:: Input material

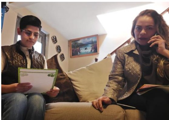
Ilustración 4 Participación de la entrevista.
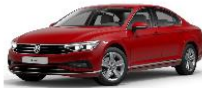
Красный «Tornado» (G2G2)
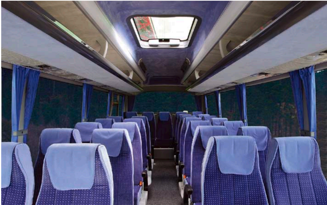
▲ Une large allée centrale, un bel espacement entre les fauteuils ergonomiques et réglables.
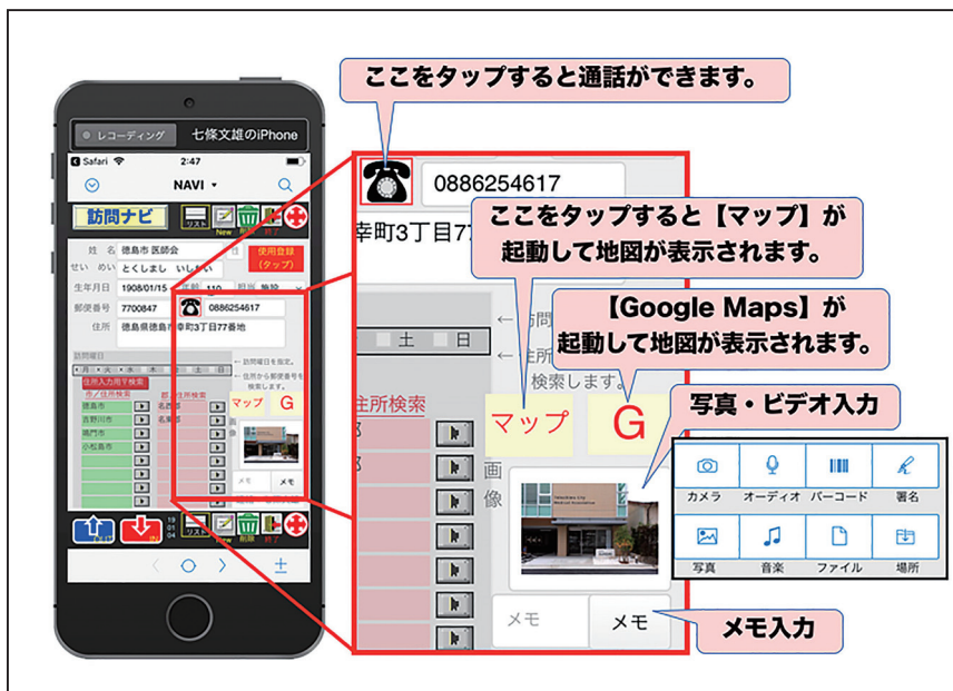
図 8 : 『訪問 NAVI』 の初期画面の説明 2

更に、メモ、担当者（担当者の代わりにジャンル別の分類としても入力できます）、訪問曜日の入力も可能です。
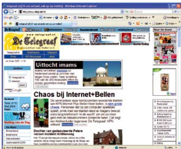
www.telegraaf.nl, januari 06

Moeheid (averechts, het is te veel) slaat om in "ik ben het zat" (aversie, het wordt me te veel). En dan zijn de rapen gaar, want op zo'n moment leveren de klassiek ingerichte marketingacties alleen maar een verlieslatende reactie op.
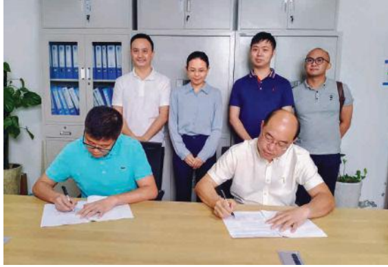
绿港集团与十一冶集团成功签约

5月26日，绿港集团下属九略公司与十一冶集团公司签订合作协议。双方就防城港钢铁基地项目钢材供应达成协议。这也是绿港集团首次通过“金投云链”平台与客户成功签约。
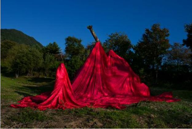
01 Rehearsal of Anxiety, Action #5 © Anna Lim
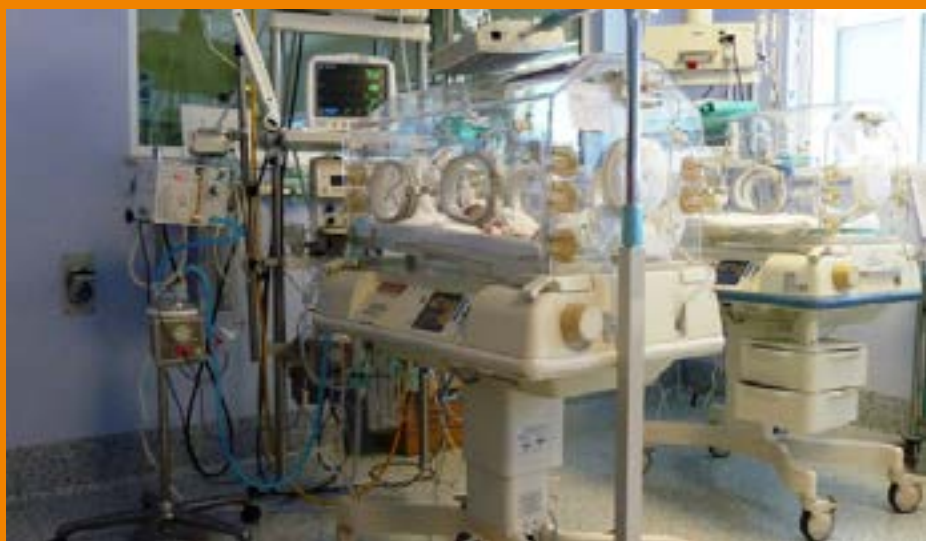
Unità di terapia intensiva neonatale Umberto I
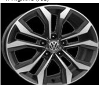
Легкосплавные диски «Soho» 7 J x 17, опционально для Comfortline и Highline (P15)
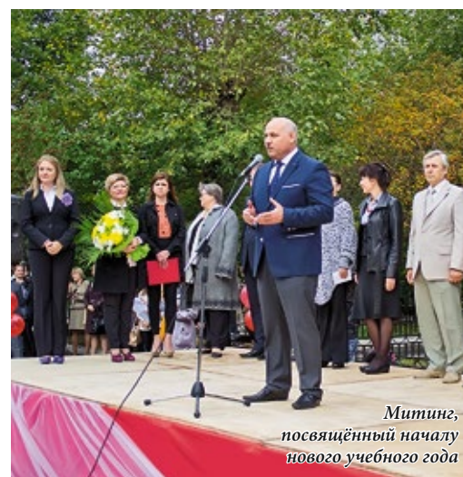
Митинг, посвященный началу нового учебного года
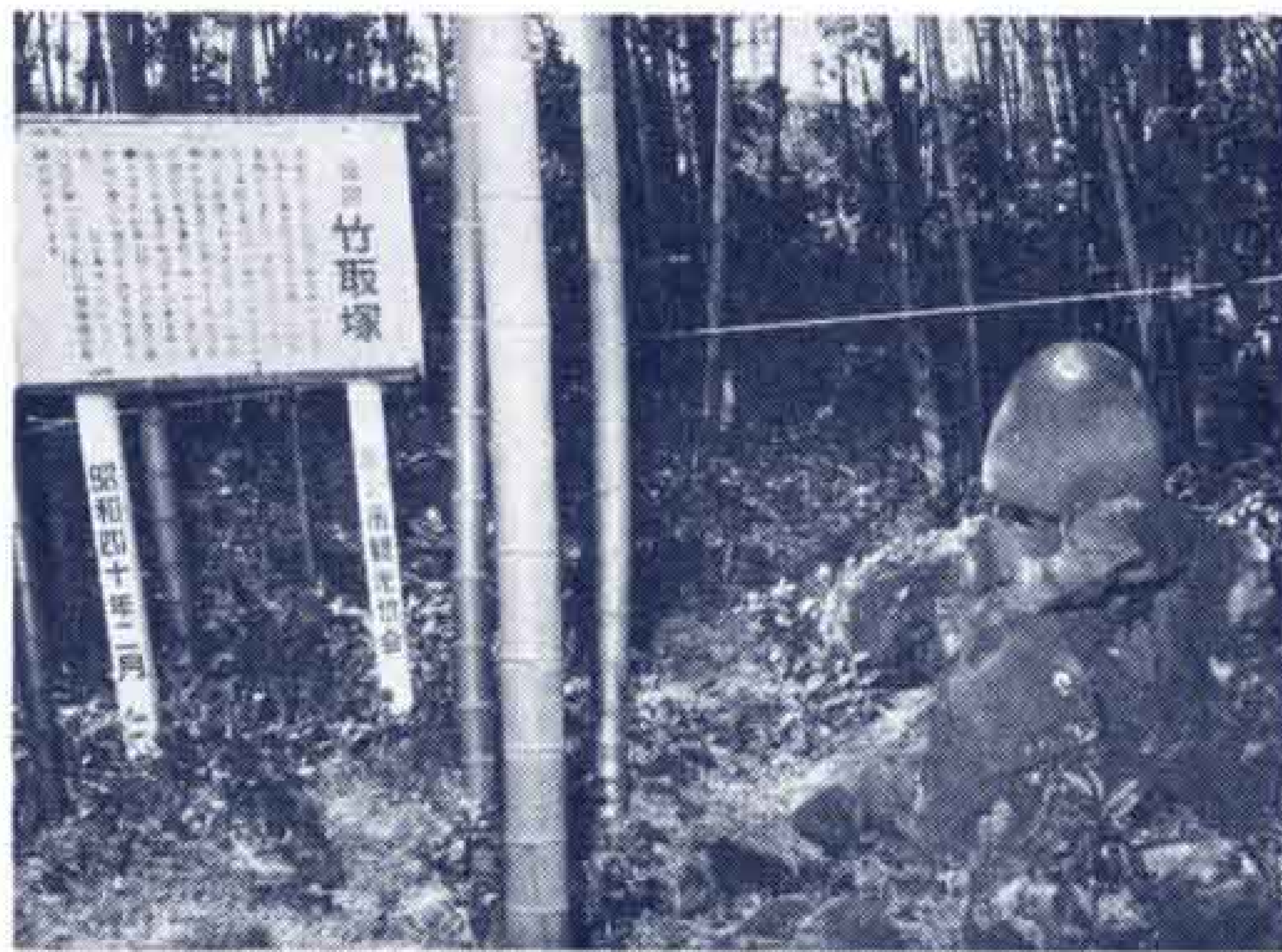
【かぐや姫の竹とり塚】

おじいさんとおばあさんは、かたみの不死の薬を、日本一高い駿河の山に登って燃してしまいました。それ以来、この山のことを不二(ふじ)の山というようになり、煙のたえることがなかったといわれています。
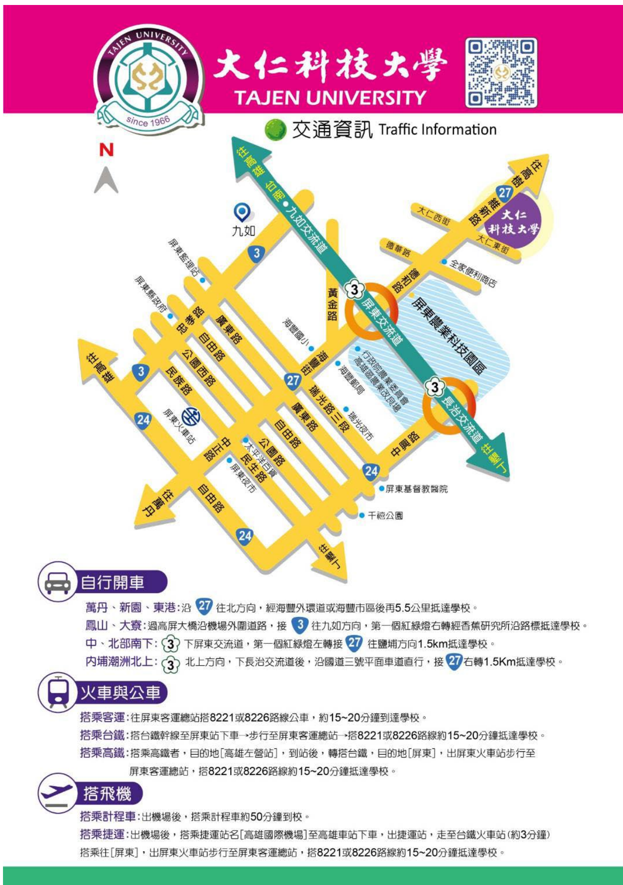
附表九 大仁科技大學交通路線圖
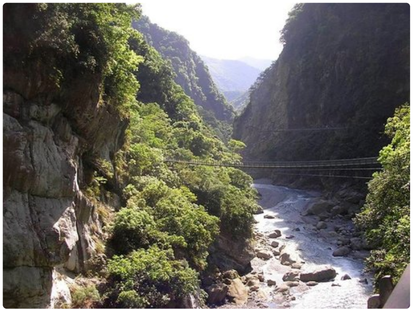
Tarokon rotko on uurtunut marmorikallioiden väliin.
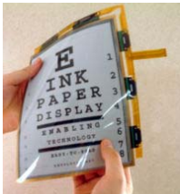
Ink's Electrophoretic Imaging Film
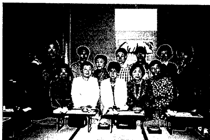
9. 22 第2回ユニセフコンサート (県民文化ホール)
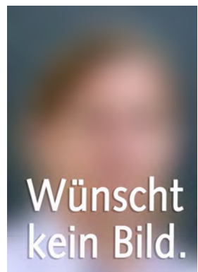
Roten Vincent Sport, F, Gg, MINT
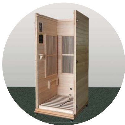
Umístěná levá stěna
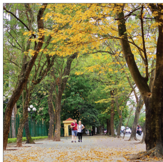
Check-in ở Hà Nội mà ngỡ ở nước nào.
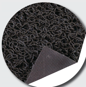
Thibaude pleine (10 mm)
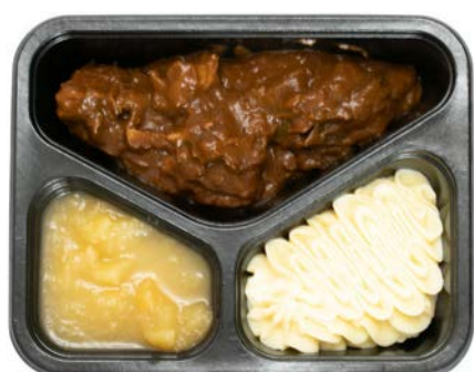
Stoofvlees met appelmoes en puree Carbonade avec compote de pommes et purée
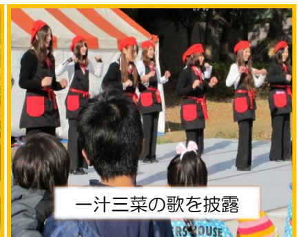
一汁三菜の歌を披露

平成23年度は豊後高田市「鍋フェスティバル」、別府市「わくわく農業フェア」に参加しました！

::::

▶ [What to produce]: When you transcribe the lines above, keep every word exact but leave the pictures behind.

▶ [Solution for this exercise]:
Ilustración 4 Participación de la entrevista.
Красный «Tornado» (G2G2)
▲ Une large allée centrale, un bel espacement entre les fauteuils ergonomiques et réglables.
図 8 : 『訪問 NAVI』 の初期画面の説明 2

更に、メモ、担当者（担当者の代わりにジャンル別の分類としても入力できます）、訪問曜日の入力も可能です。
www.telegraaf.nl, januari 06

Moeheid (averechts, het is te veel) slaat om in "ik ben het zat" (aversie, het wordt me te veel). En dan zijn de rapen gaar, want op zo'n moment leveren de klassiek ingerichte marketingacties alleen maar een verlieslatende reactie op.
绿港集团与十一冶集团成功签约

5月26日，绿港集团下属九略公司与十一冶集团公司签订合作协议。双方就防城港钢铁基地项目钢材供应达成协议。这也是绿港集团首次通过“金投云链”平台与客户成功签约。
01 Rehearsal of Anxiety, Action #5 © Anna Lim
Unità di terapia intensiva neonatale Umberto I
Легкосплавные диски «Soho» 7 J x 17, опционально для Comfortline и Highline (P15)
Митинг, посвященный началу нового учебного года
【かぐや姫の竹とり塚】

おじいさんとおばあさんは、かたみの不死の薬を、日本一高い駿河の山に登って燃してしまいました。それ以来、この山のことを不二(ふじ)の山というようになり、煙のたえることがなかったといわれています。
附表九 大仁科技大學交通路線圖
Tarokon rotko on uurtunut marmorikallioiden väliin.
Ink's Electrophoretic Imaging Film
9. 22 第2回ユニセフコンサート (県民文化ホール)
Roten Vincent Sport, F, Gg, MINT
Umístěná levá stěna
Check-in ở Hà Nội mà ngỡ ở nước nào.
Thibaude pleine (10 mm)
Stoofvlees met appelmoes en puree Carbonade avec compote de pommes et purée
一汁三菜の歌を披露

平成23年度は豊後高田市「鍋フェスティバル」、別府市「わくわく農業フェア」に参加しました！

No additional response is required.